Print, exactly and without pictures, the lines from the one where "[Ghankga] 水着 メンズ" appears down to the end of the entries.
-- RECORDED DATA follows --
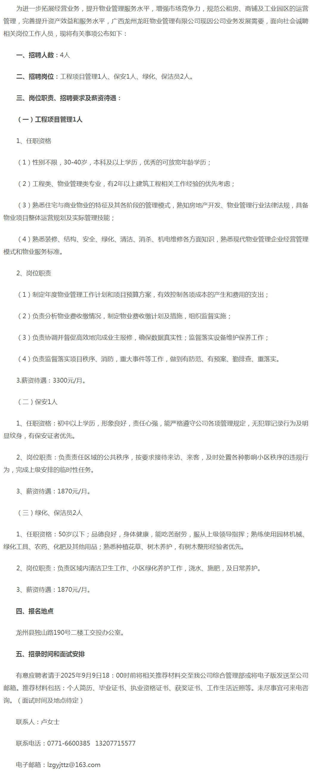 2025年廣西龍州龍旺物業管理有限公司招聘公告
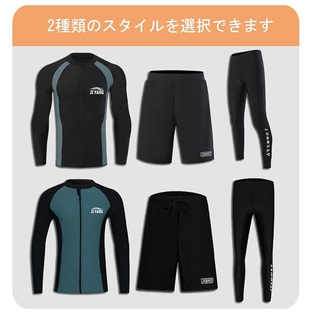 [Ghankga] 水着 メンズ ラッシュガード 男性 3点セット フィットネス 大きいサイズ サーフパンツ UVカット 水陸両用 吸汗 速乾 通気性 柔らかい 肌触り 温泉 競泳 ビーチ 水泳 スイミング #002-3XL
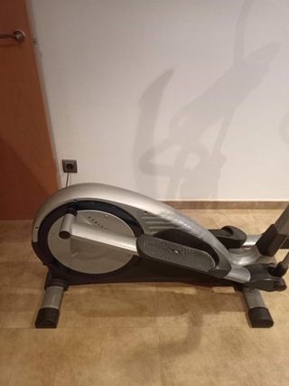 Elíptica en buen estado, ideal para hacer ejercicio en casa. - Resistencia regulable. - Diseño compacto y ligero. - Pedales antideslizantes. con ruedas para fàcil desplazamiento, resistencia variable para adaptar entrenamiento
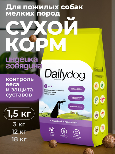 Корм сухой Dailydog для пожилых собак и склонных к полноте, мелких пород, с индейкой и говядиной, контроль веса, здоровье суставов и долгая активная жизнь, 1,5 кг
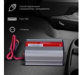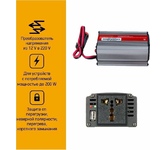 автомобильный преобразователь напряжения, входное напряжение: 11-15 В постоянного тока, выходное напряжение: 230 В переменного тока, выходная мощность БП: 200 Вт, USB
-- RECORDED DATA concluded --
# ANSWER FOR THE TASK
 [Ghankga] 水着 メンズ ラッシュガード 男性 3点セット フィットネス 大きいサイズ サーフパンツ UVカット 水陸両用 吸汗 速乾 通気性 柔らかい 肌触り 温泉 競泳 ビーチ 水泳 スイミング #002-3XL
 Elíptica en buen estado, ideal para hacer ejercicio en casa. - Resistencia regulable. - Diseño compacto y ligero. - Pedales antideslizantes. con ruedas para fàcil desplazamiento, resistencia variable para adaptar entrenamiento
 Корм сухой Dailydog для пожилых собак и склонных к полноте, мелких пород, с индейкой и говядиной, контроль веса, здоровье суставов и долгая активная жизнь, 1,5 кг
 автомобильный преобразователь напряжения, входное напряжение: 11-15 В постоянного тока, выходное напряжение: 230 В переменного тока, выходная мощность БП: 200 Вт, USB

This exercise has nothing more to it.